Information supplied ::
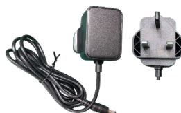
3 Pin Power Adaptor
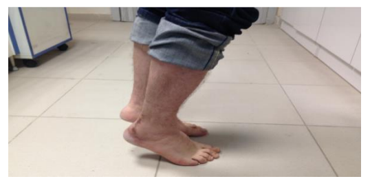
Image-5: The patient was able to rise to the tip of the toes on the 6th postoperative month

the first year, the AOFAS score was 77 and painless full ankle ROM with good triceps surae muscle strength was detected. The patient could rise to the tip of his toes (image 5). At the end of the second year the AOFAS score increased to 86.

What needs to be done ::
List all lines above in which the string "toes" appears.

Solution to this problem ::
Image-5: The patient was able to rise to the tip of the toes on the 6th postoperative month
the first year, the AOFAS score was 77 and painless full ankle ROM with good triceps surae muscle strength was detected. The patient could rise to the tip of his toes (image 5). At the end of the second year the AOFAS score increased to 86.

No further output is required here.